Had to rush Lacie to the ER last night because of chocolate poisoning (thanks to big sister Tilly).

There was a bag of Hersey's Kisses in the middle of my Dining Room table (not the kitchen table that Tilly loves). Got home yesterday and saw a puddle of dark vomit on the floor -- then another. Cleaned it up and wondered to myself -- what have they gotten into now.

Made their dinner and Lacie wouldn't eat hers and she looked like she was going to be sick again. Then I started toward the Family Room and saw the Hersey Kisses wrappers. Immediately realized that Tilly had gotten the bag off the table and that Lacie had helped herself to about 6 Kisses. She was panting and running a temp and her eyes looked glassie, so off to the vets we went.

Luckily, she had vomited several times and gotten most of the chocolate out of her system. They induced vomiting another time, and so now she seems to be OK except for a big tummy ache today. 

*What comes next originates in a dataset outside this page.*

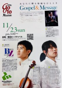 ゲストをお招きして、ヴァイオリンとピアノによるステキな演奏と聖書からのわかりやすいメッセージをお届けします。ぜひ、お気軽にお越しください。
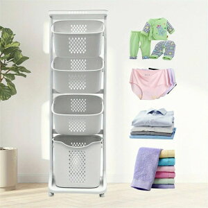 【大容量】ランドリーバスケットの上下1/2/3/4層は洗濯物を分類でき、バスケットには着替えやタオルなどを収納でき、上段のトレイにはシャワージェル、洗濯布などを収納できます。キッチンやリビングでも、日常でよく使う小物を収納でき

If it's not one thing, it's another. These little one can get into almost anything -- even when you think it's something they can't reach.:w00t:


----------



## pammy4501 (Aug 8, 2007)

What a scare Lynn! Glad to hear she is better today! I swear, it's like having a toddler in the house!


----------



## Cheri (Jan 7, 2008)

Oh no! Glad she is OK! It really IS like having a toddler!


----------



## uniquelovdolce (Mar 10, 2010)

omg , thank god she is fine , on easter we had so much choc in the house n i was panicking because dolce is so curious and hes always trying to sneak into everything .. 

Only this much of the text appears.